◆ Problem to solve: Given the records underneath, please repeat exactly the lines from the line with "Die DSV-SommerSkiChallenge powered" through the line with "In a pure semiconductor, the", passing over any picture.

═════ Data to examine ═════

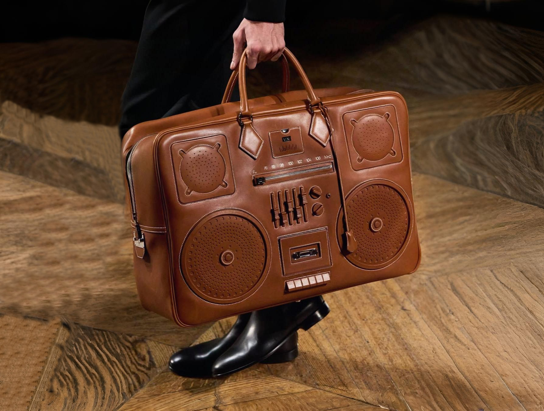 Cette pièce a marqué les esprits lors du dernier défilé masculin orchestré par Véronique Nichanian. Elle résume à elle seule l’esprit de la collection : une élégance contemporaine, nourrie de références culturelles fortes, sans jamais céder à la caricature. Avec ce sac-boombox, Hermès rappelle que le luxe, lorsqu’il est maîtrisé, peut se permettre de jouer avec les codes et de faire sourire, sans jamais perdre en crédibilité.
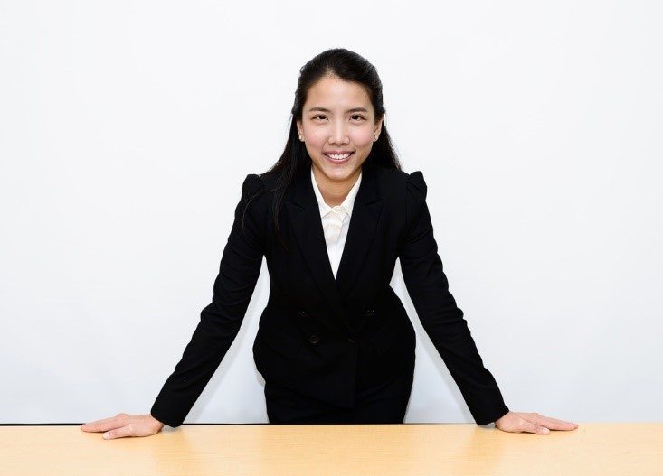 Esta postura la podemos realizar en reuniones de trabajo para imponer autoridad. La cabeza, al estar un poco más adelantada con respecto al cuerpo transmite interés por nuestra audiencia y ayuda a esta a atender a nuestras palabras, y más si está acompañada con una sonrisa, como en la imagen.
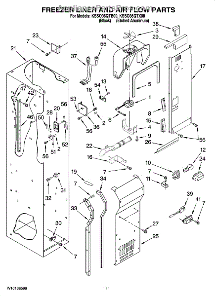 This fan scroll is the molded blower housing that directs airflow from the appliance fan for efficient cooling and ventilation. Replacing a damaged scroll restores proper air path and reduces airflow noise or performance issues. What it does
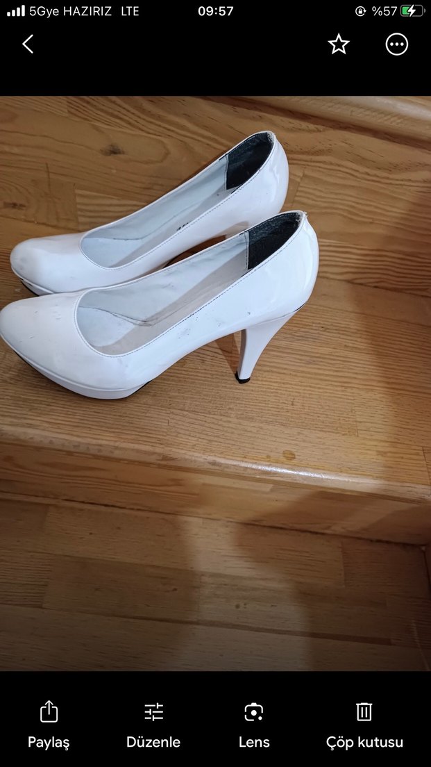 Beyaz renkte, lastik malzemeden yapılmış, desen içermeyen stiletto topuklu ayakkabılar. Ofis kullanımı için klasik ve minimal bir şıklık sunar.
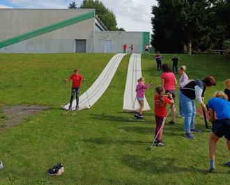 Die DSV-SommerSkiChallenge powered by Sparkassen-Finanzgruppe ist ein deutschlandweiter Wettbewerb, bei dem fünf verschiedene Stationen in den Bereichen Koordination, Ausdauer, Kraft, Schnelligkeit und Geschicklichkeit in Teams zu bewältigen sind. Nach einem gemeinsamen Aufwärmen hüpften die 34 Kinder durch Koordinationsleitern und Reifen, machten Kniebeugen und liefen um die Wette. Rund zwei Stunden gaben die 7 Teams ihr Bestes, um an den fünf Stationen so viele Punkte wie möglich zu sammeln
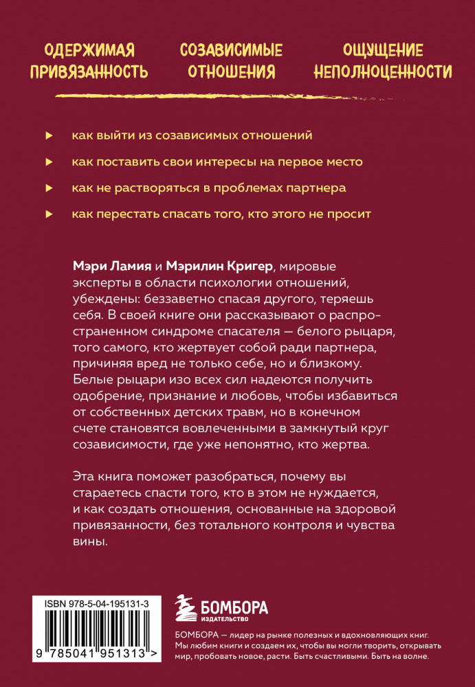 💳 Оплатить за товар можно при получении 🇰🇿 Есть бесплатная доставка по Казахстану от 1 дня 🎁 Копите бонусы с каждой покупки Серия: Карманный психолог. Готовые решения на все случаи жизни Мэри Ламия и Мэрилин Кригер, мировые эксперты в области психологии отношений, убеждены: беззаветно спасая другого — теряешь себя. В своей книге они рассказывают о распространенном синдроме спасателя — белого рыцаря, того самого, кто жертвует собой ради партнера, причиняя вред не только себе, но и близкому. Эта книга поможет разобраться, почему вы привлекаете к себе нуждающихся и несостоявшихся партнеров, которых приходится вести за собой, и как создать отношения, основанные на здоровой привязанности, без тотального контроля и чувства вины. Ранее книга выходила под названием «Синдром спасителя. Как исцелить отношения, в которых вы отдаете больше, чем получаете». |
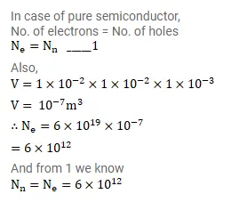 In a pure semiconductor, the number of conduction electrons is $6 \times 10^{19} \mathrm{Per}$ cubic mertre. How many holes are there in a sample of size $1 \mathrm{~cm} \times 1 \mathrm{~cm} \times 1 \mathrm{~cm}$ ?
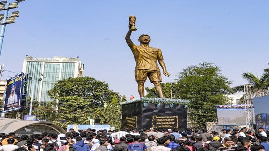 যুবভারতীতে মেসিকে ঘিরে বিশৃঙ্খলা হলেও হায়াতে তেমন কিছু হয়নি। তা নিয়ে সুজিত সংবাদমাধ্যমে যা বলেছেন, তাতে তাঁর শ্লাঘাই প্রকাশ পেয়েছে বলে অভিমত অনেকের। কিন্তু আদালত প্রশ্ন তুলে দিয়েছে জমির মালিকানা নিয়ে। সরকারের তরফে আইনজীবী কল্যাণ বন্দ্যোপাধ্যায় সোমবার আদালতে জানিয়েছিলেন, তাঁর কাছে এ বিষয়ে কোনও তথ্য নেই। মঙ্গলবারও একই কথা বললেন কল্যাণ। সেই সঙ্গে প্রশ্ন তুললেন, ‘‘সরকারি জায়গায় কি আর মূর্তি নেই? এই প্রথম কোনও মূর্তি হল না কি? রেড রোডে অম্বেডকর, মেয়ো রেডো মহাত্মা গান্ধী, হাজরা মোড়ে ইন্দিরা গান্ধী, শ্যামবাজারে নেতাজি, ধর্মতলায় লেনিনেরও মূর্তি আছে। কারও ক্ষমতা থাকলে কোর্টে গিয়ে বলুক যে, তারা মেসির মূর্তি ভাঙতে চায়।’’
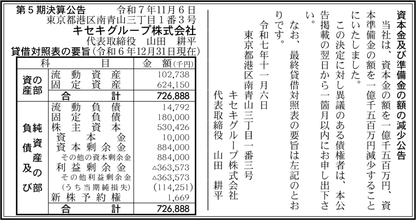 | 会社名 | キセキグループ株式会社 |

═════

◆ Solved exercise:
 Die DSV-SommerSkiChallenge powered by Sparkassen-Finanzgruppe ist ein deutschlandweiter Wettbewerb, bei dem fünf verschiedene Stationen in den Bereichen Koordination, Ausdauer, Kraft, Schnelligkeit und Geschicklichkeit in Teams zu bewältigen sind. Nach einem gemeinsamen Aufwärmen hüpften die 34 Kinder durch Koordinationsleitern und Reifen, machten Kniebeugen und liefen um die Wette. Rund zwei Stunden gaben die 7 Teams ihr Bestes, um an den fünf Stationen so viele Punkte wie möglich zu sammeln
 💳 Оплатить за товар можно при получении 🇰🇿 Есть бесплатная доставка по Казахстану от 1 дня 🎁 Копите бонусы с каждой покупки Серия: Карманный психолог. Готовые решения на все случаи жизни Мэри Ламия и Мэрилин Кригер, мировые эксперты в области психологии отношений, убеждены: беззаветно спасая другого — теряешь себя. В своей книге они рассказывают о распространенном синдроме спасателя — белого рыцаря, того самого, кто жертвует собой ради партнера, причиняя вред не только себе, но и близкому. Эта книга поможет разобраться, почему вы привлекаете к себе нуждающихся и несостоявшихся партнеров, которых приходится вести за собой, и как создать отношения, основанные на здоровой привязанности, без тотального контроля и чувства вины. Ранее книга выходила под названием «Синдром спасителя. Как исцелить отношения, в которых вы отдаете больше, чем получаете». |
 In a pure semiconductor, the number of conduction electrons is $6 \times 10^{19} \mathrm{Per}$ cubic mertre. How many holes are there in a sample of size $1 \mathrm{~cm} \times 1 \mathrm{~cm} \times 1 \mathrm{~cm}$ ?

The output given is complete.